- Born: Australia
- Education: Western Australian Academy of Performing Arts (WAAPA)
- Known for: Musical Theatre

= Vivien Carter =

Australian actress, singer and dancer

Vivien Carter is an Australian actress, singer and dancer. She is probably best known for playing Velma Kelly in Chicago at the Cambridge Theatre, London.

== Early life ==
Carter was born in Australia and trained in acting, singing and dancing at the Western Australian Academy of Performing Arts (WAAPA), Perth. While there she appeared in productions of Nick Enright's Spurboard, The Crucible, Perfectly Frank, and Fiddler on the Roof. Carter graduated from WAAPA in 2003.

== Work before Chicago ==
- 2004–5 We Will Rock You, touring Australia and Japan
- 2006 Guys and Dolls, directed by Michael Grandage, the Donmar Warehouse production at the Piccadilly Theatre: Swing
- 2007 Evita, directed by Michael Grandage, Adelphi Theatre: Ensemble
- 2007 Eurobeat: Almost Eurovision (premiere), Edinburgh Fringe Festival, Pleasance Grand, Edinburgh.
- 2008 Oklahoma!, Kilworth House, Leicestershire
- 2008 Like Other People Do by Alex Kelly (short film)

== Chicago ==
In the summer of 2008, Vivien Carter joined the long-running production of Chicago in the West End. She played the role of June ("Squish") for ten months and Liz ("Pop") for a further nine months. From 26 April 2010 until 5 February 2011, Carter played Velma Kelly, having originally been offered the role for just six weeks.

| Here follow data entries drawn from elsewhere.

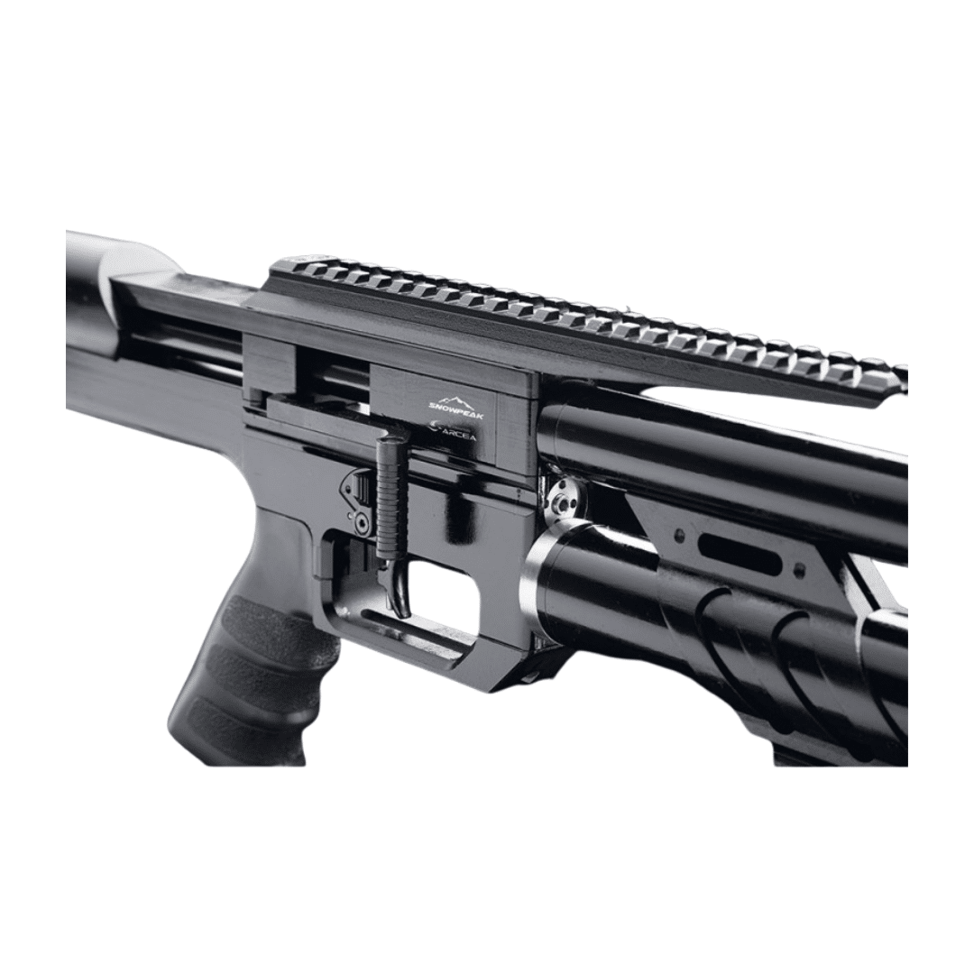 Carabina de aire comprimido PCP Arcea Snowpeak M60. Está diseñada para ofrecer un rendimiento equilibrado, preciso y muy cómodo en cada sesión de tiro. Equipada con un depósito de 205 cc y una presión máxima de 200 bares, incorpora un manómetro frontal que permite comprobar la presión de forma rápida y visual. Además, cuenta con válvula reguladora con su propio manómetro, así como un manómetro adicional para la cámara de baja presión, ofreciendo un control total del funcionamiento interno.
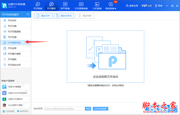 打开迅捷PDF转换器,进入界面,在左侧点击【PDF的其他操作】,选择【PDF解除密码】功能,
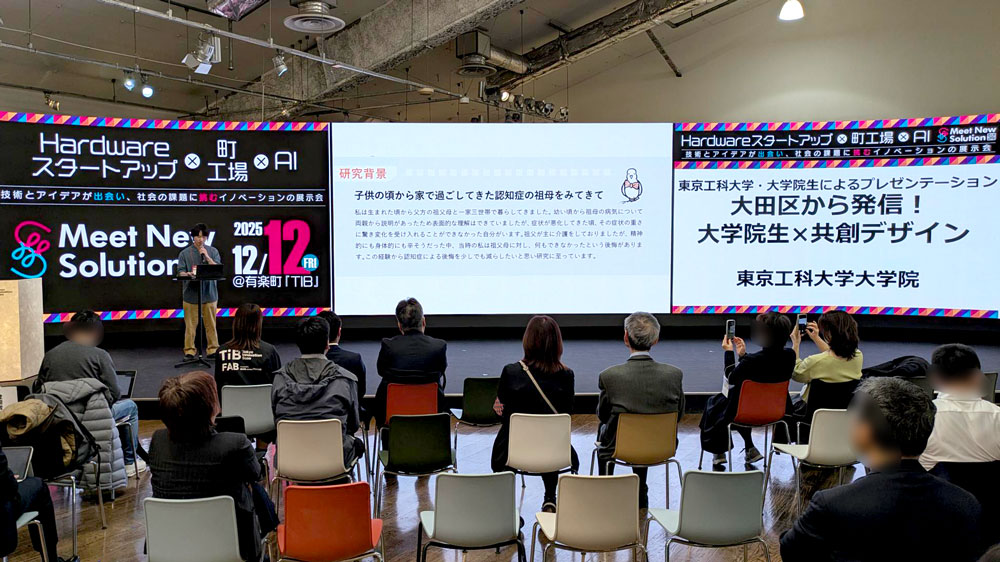 こうした連携の一環として、2025年12月12日(金)に丸の内で開催された展示・発表イベント「Meet New Solution in TiB(主催:大田区、大田区産業振興協会)」において、大学院デザイン研究科1年 新居 怜弥さんと尾崎 悠耶さんが発表を行いました。

Carter's portrayal of Velma was well-received. Matt Wolf at theartsdesk.com opined that "Vivien Carter ... [offers] a crisply enunciated, sardonic, commandingly slithery take on the part...: a take-no-prisoners belter of a woman. ... A welcome Australian presence on the West End, Carter has a knack for seeming to sneer while she sings, all the while winning us over with her feral, feline command. On this evidence, she deserves to open a show so that the critical community can take proper note of her talents."

Sian Meades, at lastminute.com, posited that "Vivien Carter, playing Velma Kelly, is one of the best actresses I’ve seen on stage in recent years. Her command of the stage, and the rest of the cast was nothing short of fabulous. Whenever she was on stage, you noticed her. Even if she wasn’t doing anything. When she danced, you watched. When she sang, you were rooting for her. She was the star of the show for me."

== Work since Chicago ==
- 2011 Pub Plays (Trade and The New Black) and The Joy of Text, High Tide Festival
- 2011 (26 June) When You Hear My Voice, the fourth Tim Williams Awards concert, at the Cochrane Theatre. Carter performed A Poison Tree, an adaptation of the poem by William Blake, with original music by Corin Buckeridge (musical director of Chicago).

=== Radio Times ===
In autumn 2011, Carter appeared as Forces' sweetheart Amy Chapman in the Noel Gay musical Radio Times at the Watermill Theatre, opposite Anna-Jane Casey and Gary Wilmot. As well as singing and dancing, Carter played saxophone, ukulele and kazoo. On 1 September 2011 Andrew Lloyd Webber was in the audience and gave the cast a standing ovation.

Radio Times received five stars in The Public Reviews. Carter's performance was also praised: "Vivien Carter, as Amy, smolders, seduces, sings, dances, plays and ends up with real heart." - Jim Nicholson at The Public Reviews"Vivien Carter [is] a forces sweetheart to rival Vera Lynn." - Judi Herman at WhatsOnStage"[Vivien Carter as] the loveable Amy, the forces sweetheart who oozed sexuality." - Robin Strapp at The British Theatre Guide The show also toured, ending with a week at the Theatre Royal, Plymouth. Sara Crowe took over in the role of Olive.